In the search range, no independent benchmark of 31B Dense + 1 GPU + MTP could be found in public blogs or GitHub issues, so this measurement appears to be the first of its kind. Note that the freshly published vLLM image does not work as-is — its bundled gemma4_mtp.py returns 0% acceptance until the head commit of PR #41745 is bind-mounted. Section 5 covers this.
1. Test Environment
| Item | Value |
|---|---|
| Hardware | NVIDIA GB10 (GX10 SoC, ARM aarch64, SM 12.1) |
| Memory | LPDDR5X 128GB unified (CPU/GPU shared, cache coherent) |
| Memory bandwidth | 273 GB/s |
| Target model | RedHatAI/gemma-4-26B-A4B-it-FP8-Dynamic (26B-A4B MoE) / RedHatAI/gemma-4-31B-it-FP8-Dynamic (31B Dense) |
| Drafter | google/gemma-4-26B-A4B-it-assistant (832MB) / google/gemma-4-31B-it-assistant (832MB) |
| vLLM image | vllm/vllm-openai:gemma4-0505-arm64-cu130 (pushed the same day Google released MTP) |
| Patch | PR #41745 head commit d8b3826, applied via bind mount |
| Settings | num_speculative_tokens=4 (= K), kv-cache-dtype fp8, max-model-len 4096, temperature=0.7 |
References to “production” mean my daily news-summarization vLLM cron (02:00 JST, 31B-FP8-block).
2. Detailed Results
2.1 Speedup by language (3 prompts × 3 runs)

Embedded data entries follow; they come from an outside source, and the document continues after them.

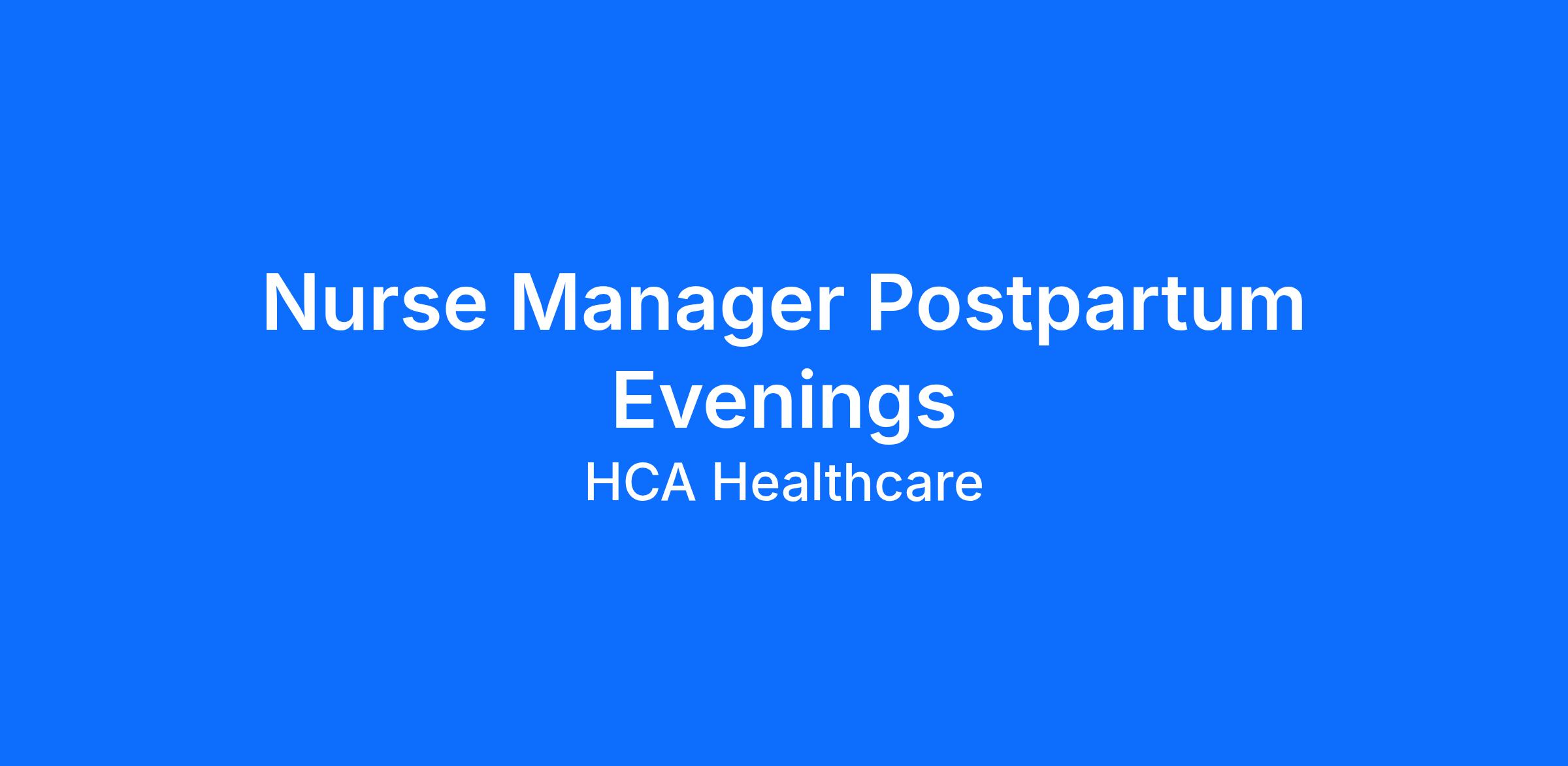 Our teams are dedicated to improving human life. Each year about five percent of all U.S. hospital services happen at an HCA Healthcare facility. Be an impact as a(an) Postpartum Manager RN Evenings where your passion for leading and creativity are valued? We want your knowledge and expertise!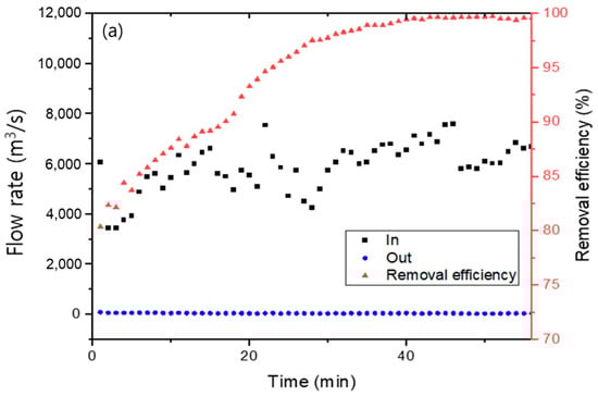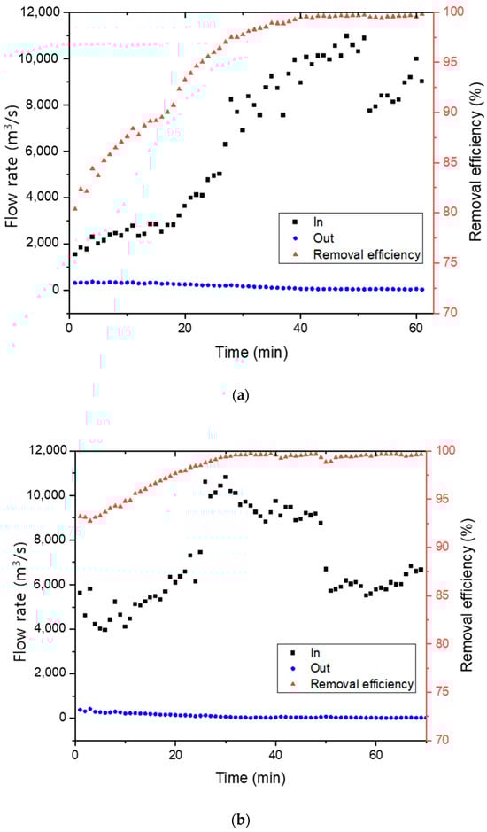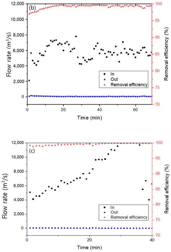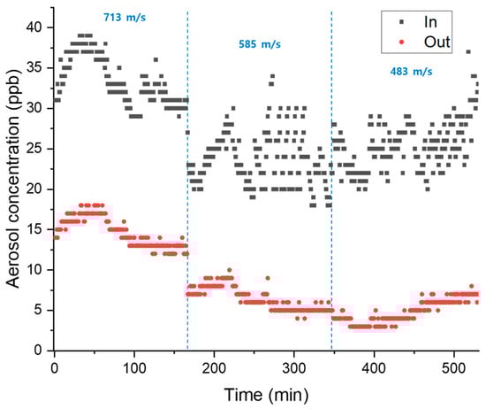 An experiment to remove an aerosol was conducted using a large-scale dust removal device to determine the optimal linear velocity. After installing the manufactured Hanji in a commercial dust removal facility, the concentration of the aerosol before and after removal by the Hanji filter was measured at various linear velocities (713, 585, and 483 cm/s), as shown in Figure 5. The concentration distribution of the incoming aerosol was 20–40 ug/m3, and the outflow concentration was 10–20 ug/m3 at 713 cm/sec linear velocity. For linear velocities of 483 cm/s and 585 cm/s, it was less than 10 ug/m3. The removal efficiency of the filter at the three different velocities was 63.3% at 713 m/s, 72.76% at 585 m/s, and 81.06% at 483 m/s, showing that it appears to increase as the linear speed decreases. Typically, in South Korea, the concentration of dust particles smaller than 10 µm in the atmosphere is ~50 µg/m3. Alerts or warnings for fine dust are issued when the concentration exceeds 100 µg/m3 [].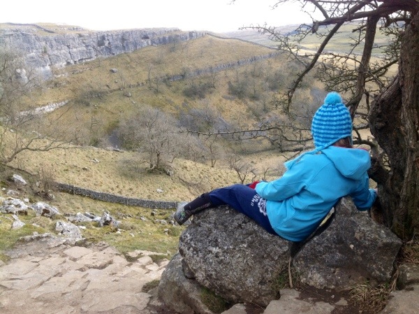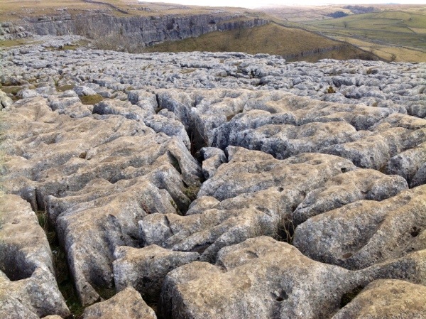But the best one yet, I think, was a recent trip to Malham Cove in the Yorkshire Dales National Park. The place itself is beautiful; you walk across sheep-manicured fields and descend into a valley flanked by an 80 metre high curved limestone crag formed by a waterfall after the last ice age. It’s when you climb up to the top that the geometry happens; it is covered by limestone “pavement”, and is one of the few places in the world you can see this pattern of fissured rock known as clints and grykes. The actual lumps of limestone (clints) are shaped by deep fissures (grykes) formed by the flow of water from Malham Tarn, and deepened by the slightly acidic rainfall. Liah pointed out, and then jumped on, a trail of triangles, parallelograms, kites, trapezoids, squares and rectangles – not because I asked her to, just because she noticed, and we had the shared experience of learning the names of these shapes earlier in the week. So much more fun than drawing them on dot paper, and well worth my two days of very stiff calf muscles…

Three prompts measured at num_speculative_tokens=4. Full prompts are in section 4.5 (reproduction material).
26B-A4B + MTP+patch
| Category | baseline (Dynamic, no MTP) | + MTP+patch (K=4) | Speedup |
|---|---|---|---|
ja_finance | 16.47s, 60.2 ch/s, 992 chars | 13.74s, 73.6 ch/s, 1011 chars | 1.20x |
en_finance | 15.15s, 170.1 ch/s, 2576 chars | 11.14s, 232.7 ch/s, 2592 chars | 1.36x |
py_code | 15.17s, 148.9 ch/s, 2260 chars | 8.30s, 279.8 ch/s, 2321 chars | 1.83x |
31B Dense + MTP+patch
| Category | baseline (Dynamic, no MTP) | + MTP+patch (K=4) | Speedup |
|---|---|---|---|
ja_finance | 91.95s, 10.5 ch/s, 967 chars | 36.23s, 26.3 ch/s, 952 chars | 2.54x |
en_finance | 91.41s, 27.9 ch/s, 2551 chars | 36.22s, 71.0 ch/s, 2572 chars | 2.52x |
py_code | 91.41s, 24.9 ch/s, 2277 chars | 26.00s, 86.7 ch/s, 2254 chars | 3.52x |
The “code > English > Japanese” ordering reflects how predictable each output is for the drafter:
- Python: deterministic continuations (
def,import,pd.DataFrame(, etc.) → high acceptance - English: natural language but predictable word order and structure → middle
- Japanese: free word order and more characters per token (CJK ≈ 1.5-2 chars per token) → drafter struggles, fewer characters appear per accepted token
2.2 Per-position acceptance — 31B drafter beats 26B at every position
Comparing per-position acceptance at K=4 shows the 31B drafter ahead at every position.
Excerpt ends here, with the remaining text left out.